Being financially in sync is one of the cornerstones of a successful relationship. Along with infidelity, not being on the same page when it comes to money and finances is trouble. This is why it’s all the more worrying that a quarter of couples don’t feel comfortable talking about money with their other half.


Recent research carried out by M&S Bank polled 2,000 adults in a relationship and found just 17 per cent regularly talk about finances with their partner. Why the reticence about discussing financial matters? Common excuses include never finding a good time, feeling a little embarrassed and wondering how their other half might respond being among the reasons people avoid the subject of money in their relationships.

This nervousness about discussing money is all the more strange when the study found that people will typically utter the words “I love you” a whole five months before broaching the topic of money, which they won’t talk about until at least nine months into their relationship.

“…people will typically utter the words “I love you” a whole five months before broaching the topic of money”

Looking at your relationship, how many of the following facts ring true for you? Ten percent of those questioned revealed that they haven’t shared how much they earn with their significant other, and an equal percentage don’t know what their partner earns. An additional 18 per cent are more likely to move in together before they talk about money and as many as one in 10 even expect to get married before they bring up the topic of finances with their significant other. Surely this is dangerous territory?

However, it’s not all negative. A handful of those polled – five per cent – will choose to discuss finances within less than two weeks of knowing each other. The research also revealed being good with your finances is a more attractive attribute than being a good cook and is also more appealing than being outgoing or sociable, or successful in their career. Surely a sign of the times and more progressive ways of thinking.

Having the same aspirations as your partner is crucial in a relationship and four in five agreed, saying it is important for their partner to have the same financial goals as they do.

When it comes to having a joint bank account, more than half of those who don’t currently have a joint bank account together said they would rather not open one with their significant other and a fifth said they’d prefer not to because they enjoy managing their own finances independently.

“We encourage people to talk more about money with their loved ones.”

Psychologist Emma Kenny delved into the reasons why it appears money is a taboo subject in some relationships.

She said: “It’s healthy for couples to discuss their finances and it’s important that they engage in open and honest conversations about financial goals and ambitions from the start.

“In fact, this is often the key to a successful relationship. While how much a person feels comfortable disclosing is down to the individual, we encourage people to talk more about money with their loved ones.”

For those of you who need a little help in this area, read on for some top tips on how to discuss finances with your partner.

Communicate openly, from the get-go

Great relationships are often transparent ones. When you do start to discuss your financial health – and I would argue the sooner the better – it is important that you both understand the good, the bad and the ugly regarding your financial affairs, so that you can communicate openly and work towards a common goal and help each other.
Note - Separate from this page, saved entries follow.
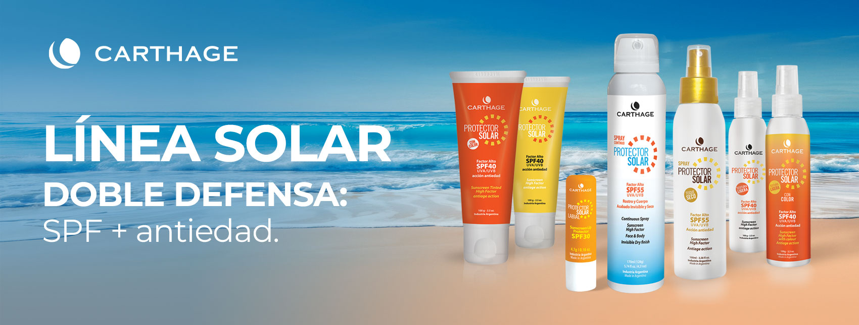 Carthage Línea Solar fue desarrollada para abordar este proceso desde una doble defensa: protección solar de amplio espectro frente a rayos UVA y UVB, y cuidado antiedad orientado a preservar la integridad cutánea.
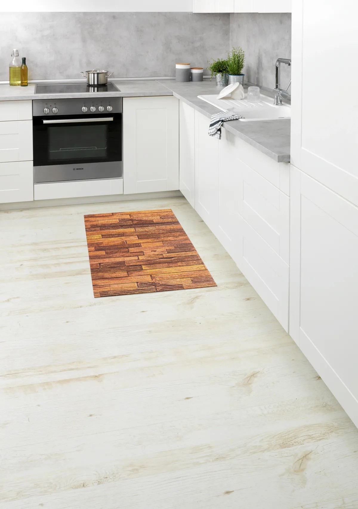 A Wenko praktikus, puha habszivacsból készült szőnyegével egy igazi univerzális kiegészítő érkezik otthonába. Az ötletes, könnyen ápolható műanyagból készült szőnyeg igazi multifunkciós megoldás, és felkapott famintával rendelkezik. Kiválóan használható a fürdőszobában a fürdőkád vagy a zuhanyzó előtt. Csúszásgátló hatású, és minden olyan helyen gondoskodik a szükséges biztonságról, ahol nedves lehet a padló. Konyhai szőnyegként is kiválóan mutat. Kültéren, az erkélyen vagy a teraszon elhelyezve a szőnyeg dekoratív és kiváló ellenálló képességgel rendelkező látványosság lesz. Fitneszhelyiségekben vagy szaunák környezetében is tökéletes padlóburkolatnak bizonyul. A puha hab nagyon kényelmes érzetet kelt a lábak számára. Emellett a szőnyeg nagyon higiénikus, légáteresztő, és padlófűtés esetén is használható. A rugalmasan kezelhető szőnyeg ollóval kényelmesen a kívánt méretre vágható. A kényelmes szőnyeg szennytaszító tulajdonsággal rendelkezik, és szükség esetén legfeljebb 40 Celsius-fokos kímélő programon mosható mosógépben. Mérete (Sz x Mé): 50 cm x 80 cm
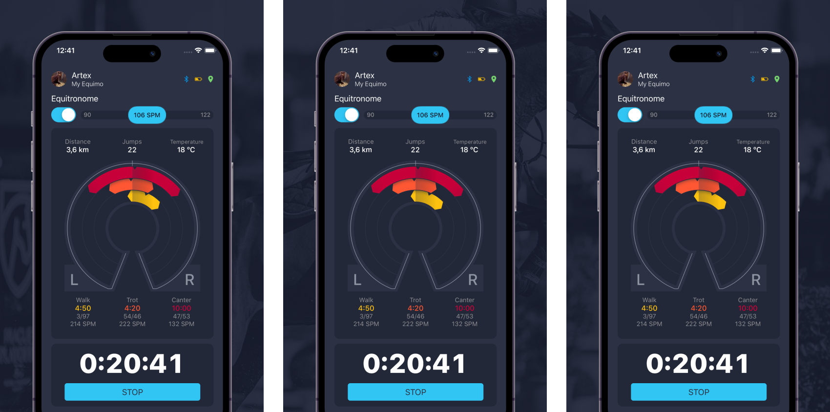 On the screen, you can see a recording of a significantly unbalanced training session. Almost more than 80% of the movement in all gaits was on the left lead. If this was not the goal and the rider was not trying to compensate for something, this could cause a potential problem. Prolonged uneven work will sooner or later manifest in injury or health issues.
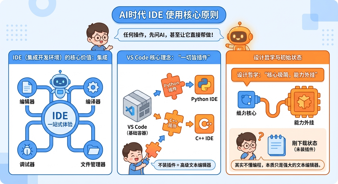 VS Code 的核心理念是“一切皆插件”。它通过插件机制支持各种语言,安装 Python 插件就是 Python IDE,安装 C++ 插件就是 C++ IDE。不装插件时,它只是个高级文本编辑器。
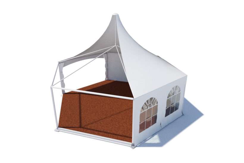 Das Pluto, Mars und Jupiter wirden standardmäßig mit Schiebeplanen geliefert, mit Fenstern auf einer Seite. Das Schiebeplane hat eine ansprechende weiße Farbe. Das Pagodenzelt ist ausgestattet mit dem Kassettenboden von Neptunus. Das Dach ist in einer opaken (lichtundurchlässigen) Version.

42399932 - couple having argument on the couch at home in the living room

History matters

While you are likely to know which school your other half attended, what their favourite food is, and details of their relationship history, chances are you won’t have the low down on their credit history. Knowing about your partner’s financial history – and present situation – is important, because if affects you too.

Get practical

Money needs to be dealt with using more of a practical mindset. So, sit down with your partner and arrange an almost ‘business-like’ meeting – by that I mean be planned and agree what financial matters you need to discuss and make sure you cover them. Remember, it’s important to leave your emotions at the door and the earlier these types of conversations happen, the better!

Talk about what it means to make a financial connection

When you are in a committed relationship, joint accounts can be a great tool to help you save, spend and budget together. But it’s also worth taking a little time to understand the implications of connecting your finances before committing. For example, did you know that both parties on a joint account are liable for any debt on the account.

Real talk

Have a money armistice where you bring all your financial facts and figures together so that you can both take an honest view of what’s working, what you’d like to change, and how you can each support one another on your financial journey

Money M.O.T.

Just as you visit your dentist regularly, your finances would benefit from regular check-ups too. Agree to sit down – perhaps once a month – to review your finances, as a couple. Here you can discuss any big purchases you may wish to make or look at how you can cut back on those take away coffees so you can save for that weekend break you both want to make happen.

Separate, but together

Even if you both want to retain financial independence, many couples find it beneficial to keep some of your finances in one place so that you can both contribute towards things like holidays, spontaneous weekend breaks and the more fun parts of your relationship. This means that you can both contribute to saving and ensure that you have a happy and harmonious financial life.



Set goals

Research evidences that people who set themselves goals are happier and healthier than those who do not. As a couple, agree on some activities or purchases that you want to work towards as these will act as a motivator, and will also mean you both feel rewarded when you achieve your target.

Have fun

While saving together is a positive exercise, you should also make sure that you get to enjoy your hard work. When you achieve any financial milestones, agree on how you’ll celebrate the effort you have both made. It doesn’t need to be big or expensive but it’s important to recognise your effort and achievements.

Don’t play the blame game

If you, or your partner have made some bad choices that have affected your finances, try not to be judgemental. Life is a learning curve and past mistakes can be the key to future success, as long as they are acknowledged and learnt from.